Jumat, 20 Juni 2014

Jokowi Nilai Pernyataan Wiranto soal Prabowo Bukan Kampanye Hitam

Calon presiden Joko Widodo (Jokowi) menilai, pernyataan mantan Menteri Pertahanan dan Keamanan/Panglima ABRI Jenderal (Purn) Wiranto terkait kasus penculikan aktivis tahun 1998 bukan merupakan kampanye hitam terhadap calon presiden Prabowo Subianto.
"Kok black campaign sih. Bukan dong," ujar Jokowi di Universitas Muhammadiyah Surakarta (UMS), Solo, Jawa Tengah, Jumat (20/6/2014).

Jokowi melihat, pernyataan Wiranto tersebut merupakan jawaban atas pernyataan Prabowo dalam acara debat kandidat capres-cawapres pertama. Jokowi juga menegaskan bahwa pernyataan Wiranto bukanlah strategi politik dari kubu koalisi pendukung Jokowi-Jusuf Kalla. Wiranto adalah Ketua Umum Partai Hanura yang mendukung Jokowi-JK.
Namun, ia enggan mengomentari substansi pernyataan Wiranto. "Ya kalau atasannya (Prabowo) yang sudah menjawab itu, ya sudah itu. Pak Wiranto kan sebagai pelaku lapangan, mestinya fakta-fakta itu tahu," ujar Jokowi.
Sebelumnya, Wiranto menjelaskan berbagai hal mengenai peristiwa 1998. Wiranto mengatakan bahwa penculikan aktivis oleh Komando Pasukan Khusus, yang melibatkan Prabowo, bukan perintah atasan, melainkan inisiatifnya sendiri.
Seperti dikutip Kompas, Wiranto mengatakan tidak tahu-menahu siapa yang dimaksud atasan oleh Prabowo saat debat calon presiden dan calon wakil presiden beberapa waktu lalu. Saat menjawab pertanyaan calon wapres Jusuf Kalla soal peristiwa 1998, Prabowo hanya mempersilakan menanyakan langsung kepada atasannya.
Soal istilah diberhentikan atau dipecat dengan tidak hormat, Wiranto mengaku tak ingin terjebak pada istilah.
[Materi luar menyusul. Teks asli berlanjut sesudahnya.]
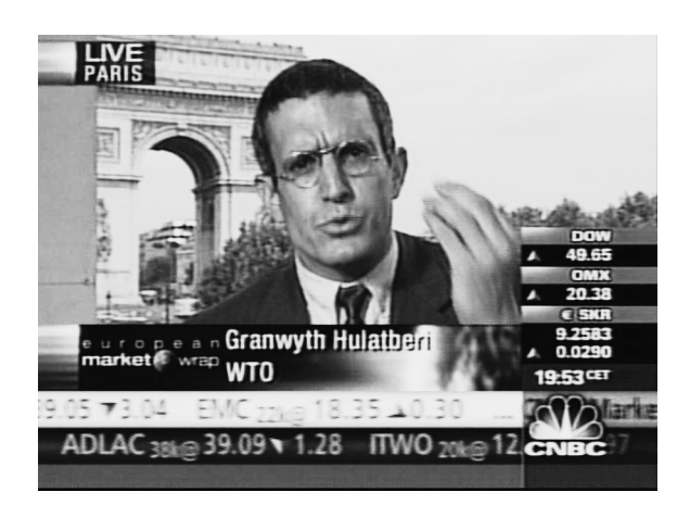
The Yes Men. End of the WTO. 2002.

positive identity correction, the target is made to announce strategies and transformations that are salutary from the point of view of the corrector, and that the actual person or entity must then choose to ignore or deny.<sup>28</sup>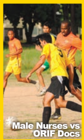
Male Nurses vs ORIF Docs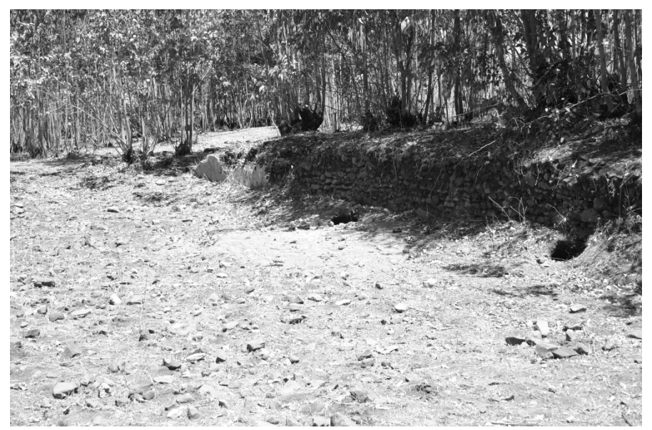
Susinyos bath (interior view)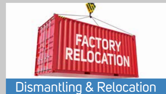
Dismantling & Relocation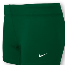
NIKE PERFORMANCE GAME SHORT 108720 Page 23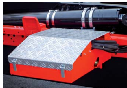
Protected hydraulic main valve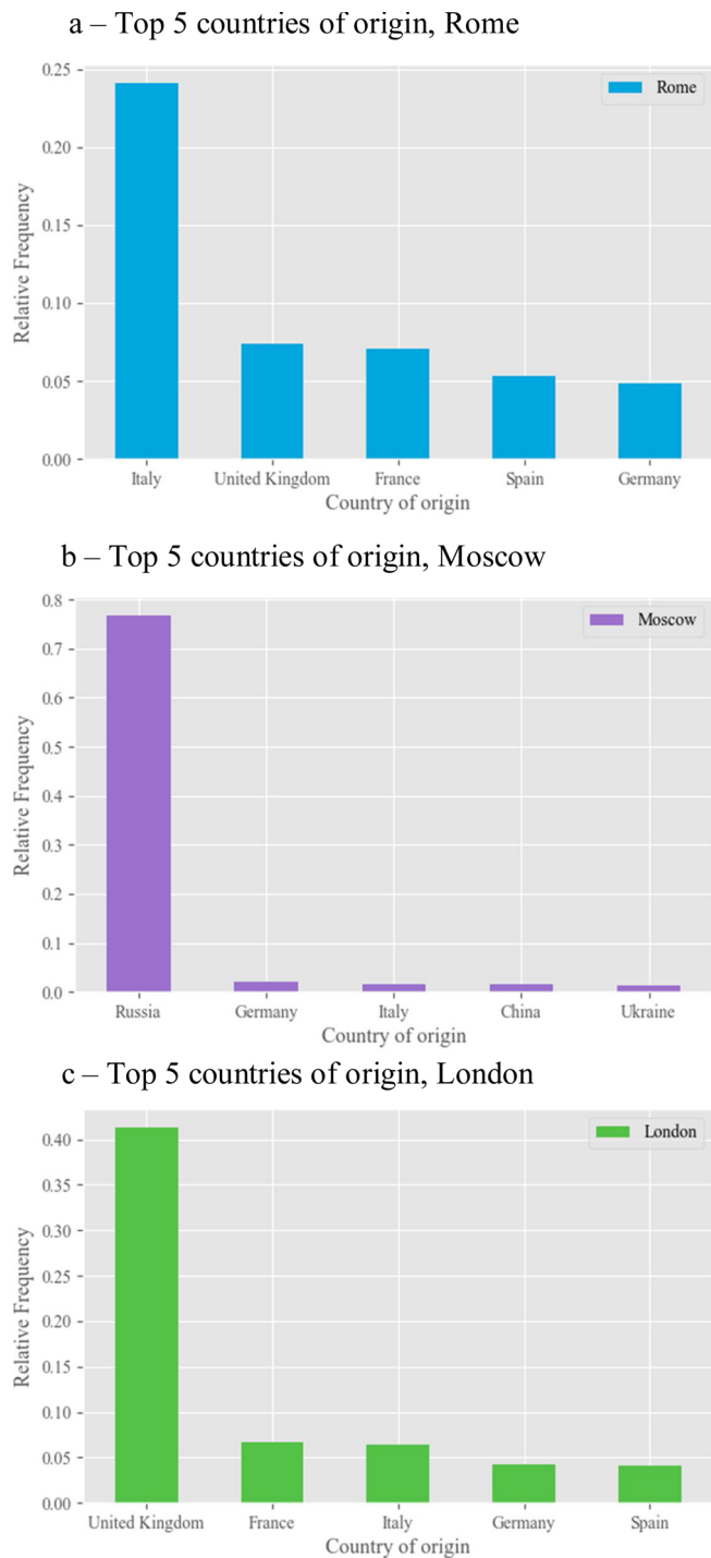
Fig. 1. a) Top 5 countries of origin, Rome. b) Top 5 countries of origin, Moscow. c) Top 5 countries of origin, London.

ECM (2017)). Despite their success in attracting tourism flows, these destinations are significantly different in terms of demand and supply, as well as benchmark culture, with London and Rome sharing similarities in terms of benchmark culture (Western) vis-à-vis Moscow (Eastern).

Secara normatif, kata Wiranto, seorang prajurit diberhentikan dari dinas keprajuritan pasti ada sebabnya. Prajurit diberhentikan dengan hormat jika habis masa dinasnya, meninggal atau sakit parah sehingga tak bisa melaksanakan tugasnya, cacat akibat operasi tempur, kecelakaan, atau atas permintaan sendiri.
"Istilah diberhentikan dengan tidak hormat ialah karena perbuatannya melanggar Sapta Marga dan Sumpah Prajurit atau melanggar hukum sehingga tak pantas sebagai prajurit TNI. Pemberhentian Prabowo sebagai Pangkostrad disebabkan keterlibatannya dalam penculikan saat menjabat sebagai Komandan Jenderal Kopassus sehingga perbuatannya dianggap melanggar Sapta Marga, Sumpah Prajurit," kata Wiranto.
Tentang pembentukan Dewan Kehormatan Perwira (DKP), itu dilakukan untuk memastikan seberapa jauh keterlibatan Pangkostrad. Selanjutnya, DKP secara bulat merekomendasikan Prabowo dipecat dari dinas keprajuritan.
Sejauh ini, berdasarkan catatan Komisi untuk Orang Hilang dan Korban Tindak Kekerasan (Kontras), sebanyak 23 orang diduga diculik selama 1997-1998. Dari jumlah itu, sebanyak 9 orang sudah kembali, 13 orang hingga kini masih dinyatakan hilang, serta seorang di antaranya ditemukan meninggal.

Hanya Luruskan Sejarah
Sementara itu, anggota Tim Pemenangan Jokowi-JK, Susaningtyas Nefo Handayani Kertopati, atau akrab disapa Nuning, menyatakan bahwa Tim Prabowo-Hatta memiliki hak untuk melaporkan Wiranto terkait pernyataannya soal 1997-1998 di Jakarta, kemarin.
"Tetapi bagaimanapun harus diingat bahwa tujuan Pak Wiranto menyampaikan statement tersebut untuk meluruskan sejarah. Dan beliau kan bukan bertujuan memprovokasi," kata Nuning di Jakarta, Jumat (20/6).
Tidak ada juga niat Wiranto bermain politik dalam isu DKP ABRI dan Prabowo Subianto itu. Karena ketika ditanya wartawan sekalipun, Wiranto tak memiliki preferensi mengarahkan siapapun memilih Capres Jokowi, pesaing berat Prabowo.
"Dalam statement-nya kan Pak Wiranto bilang, mau pilih Pak Jokowi bagus, mau pilih Pak Prabowo silakan," kata Nuning, Anggota DPR RI dari Fraksi Partai Hanura itu.
"Pak Wiranto tidak sedang bermanuver politik. Beliau itu sesungguhnya tidak mau bicara pada awalnya. Tapi melihat perkembangannya banyak yang salah kaprah, maka beliau merasa terpanggil untuk menjelaskan bagaimana kejadian yang sesungguhnya."
Tim Prabowo-Hatta sendiri berencana melaporkan Wiranto ke Bawaslu, TNI, dan Polri atas pernyataannya soal DKP ABRI dan Prabowo Subianto dalam konteks peristiwa 1997-1998 lalu.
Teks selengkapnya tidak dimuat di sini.